Mid-afternoon the police had returned to Tahrir greater in number and began shooting armored vehicles. Like night and wearing Tahrir control moves back and forth between security forces and demonstrators, clashes paid for the roads and along some main streets downtown Cairo.

"The scene recall Friday of anger," said journalist and activist Hossam el-change pro-Hamalawy, referring to the 28-day strike in January Mubarak's security forces, demonstrators from the streets during the uprising. "We are exposed to rain of tear gas made in the United States, and I saw with my own eyes at least five people were hit by rubber bullets."

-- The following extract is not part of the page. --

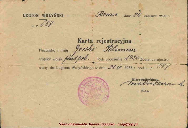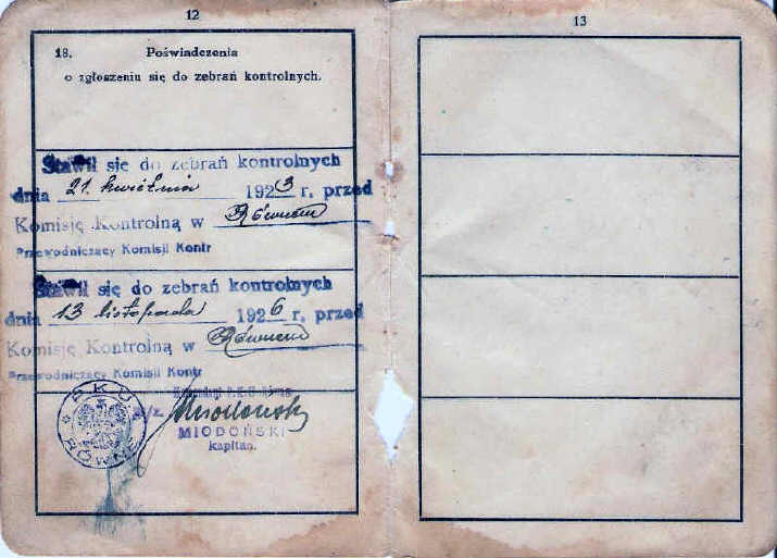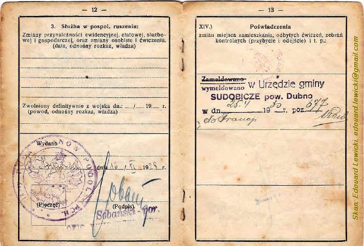| Potwierdzenie wymeldowania w książeczce wojskowej Franciszka Lewickiego (brat Józefa). |

Many have expressed skepticism about the elections, saying they are designed to control the country's military, but most insisted he still wanted to choose to move forward. "The generals wanted to rule Egypt, but this is our revolution", said Ahmed Mohamed, 24, an accountant. "Look around -. Can not you see a lot of parties or political candidates who compete, only to see the Egyptians down to the people from their homes in the struggle to close, we will fight against the remnants of the Mubarak regime to hold on to power time , and both this and the election is part of the process. "

Last Friday, a group of prominent intellectuals, including former UN Secretary-General Mohamed ElBaradei's nuclear weapons, presented an alternative plan that delays the transition from parliamentary elections to be meaningful, and took control of the executive power of the Egyptian forces, while the new Constitution was designed.